United States commemorative coin

The Battle of Gettysburg half dollar was designed by Frank Vittor and minted in 1937, although it was dated 1936. It was struck to commemorate the 75th anniversary of the Battle of Gettysburg which was to be held in 1938.

== Battle of Gettysburg ==

The Battle of Gettysburg was fought July 1–3, 1863, in and around the town of Gettysburg, Pennsylvania, by Union and Confederate forces during the American Civil War. The battle involved the largest number of casualties of the entire war and is often described as the war's turning point. Union Maj. Gen. George Meade's Army of the Potomac defeated attacks by Confederate Gen. Robert E. Lee's Army of Northern Virginia, halting Lee's invasion of the North.
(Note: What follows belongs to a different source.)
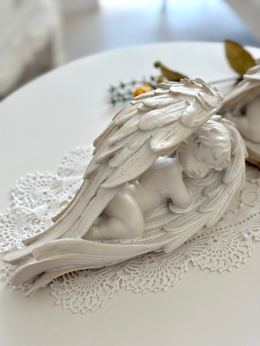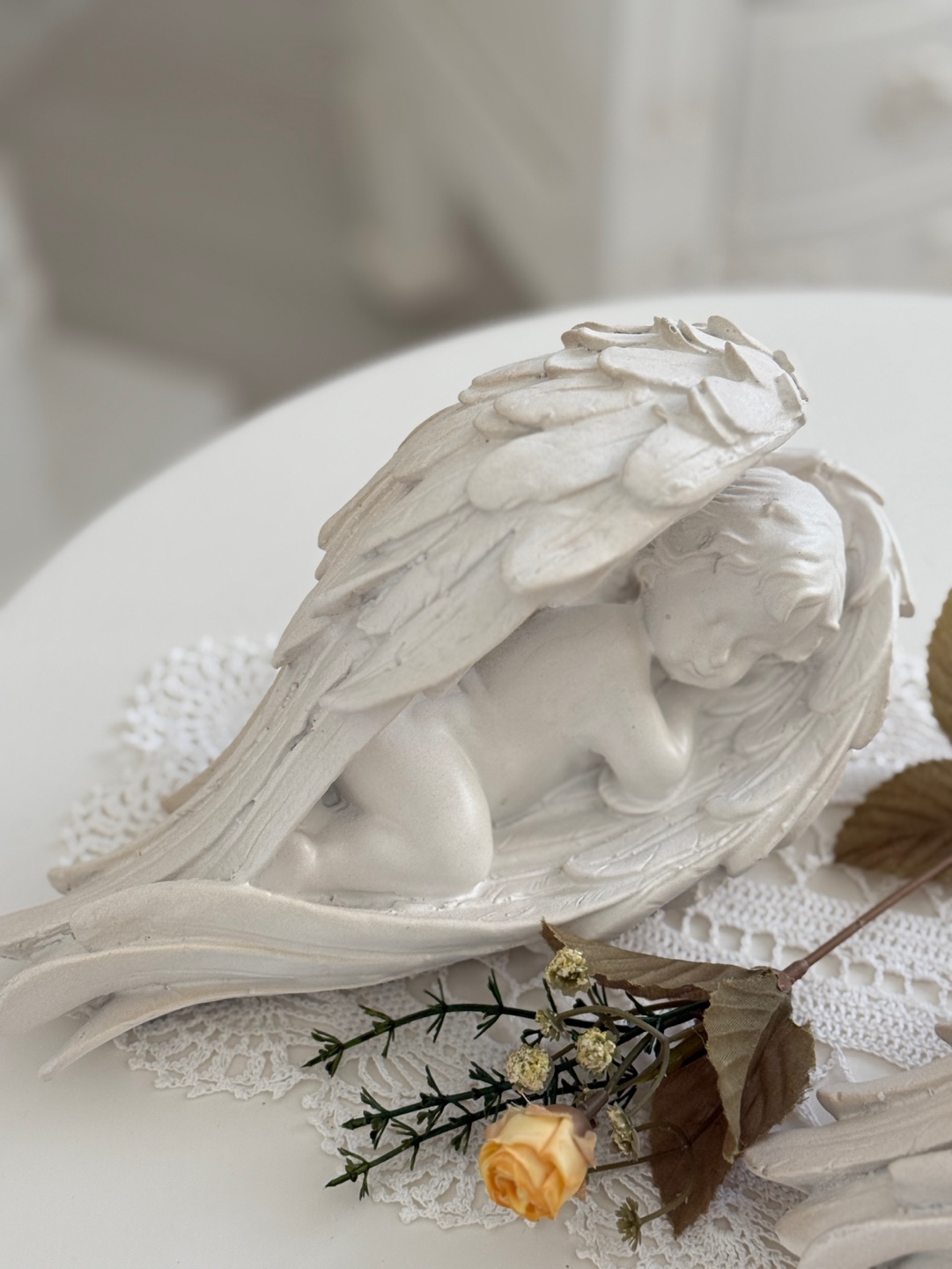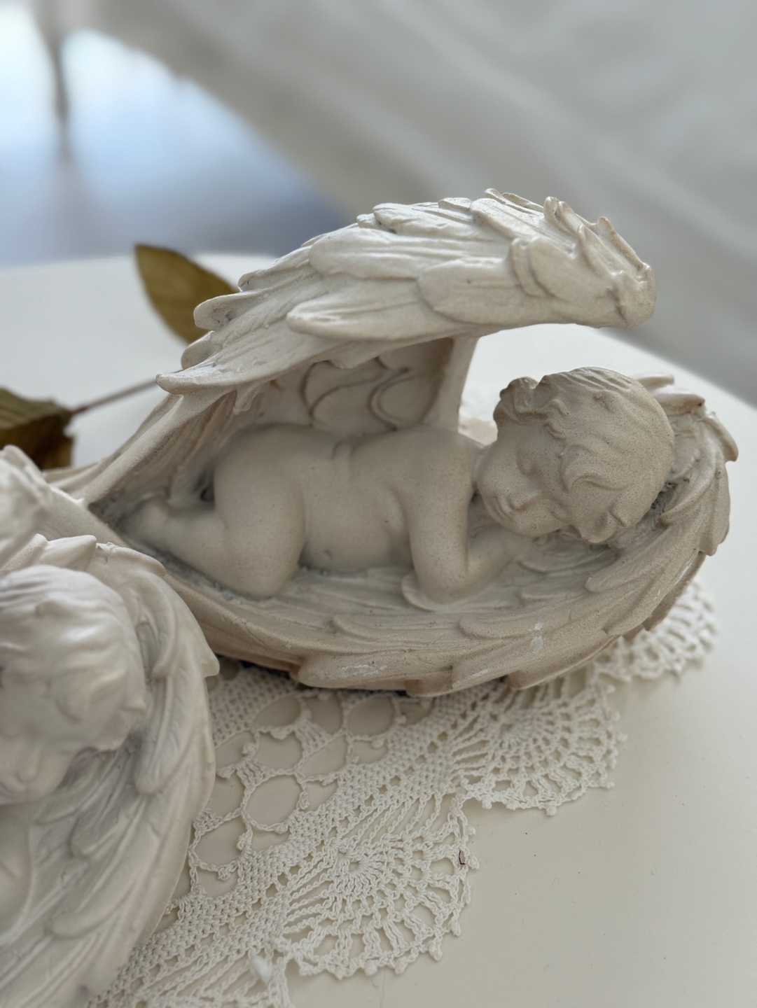 풍성하고 섬세한 날개 디테일 속에 평온하게 잠든 아기 천사의 모습

The battle took place over three days and took the lives of 23,000–28,000 (estimated) Confederates and 23,049 Union soldiers

==Description==
Two United States Civil War veterans, one from the Union camp and one from the Confederate camp, are featured on the obverse of the coin. E pluribus unum ("Out of Many, One"), the de facto United States national motto until 1956, is displayed prominently above the two war veterans, with the "E" serving as both the first letter of the motto and the middle letter of Liberty.

==See also==
- List of United States commemorative coins and medals (1930s)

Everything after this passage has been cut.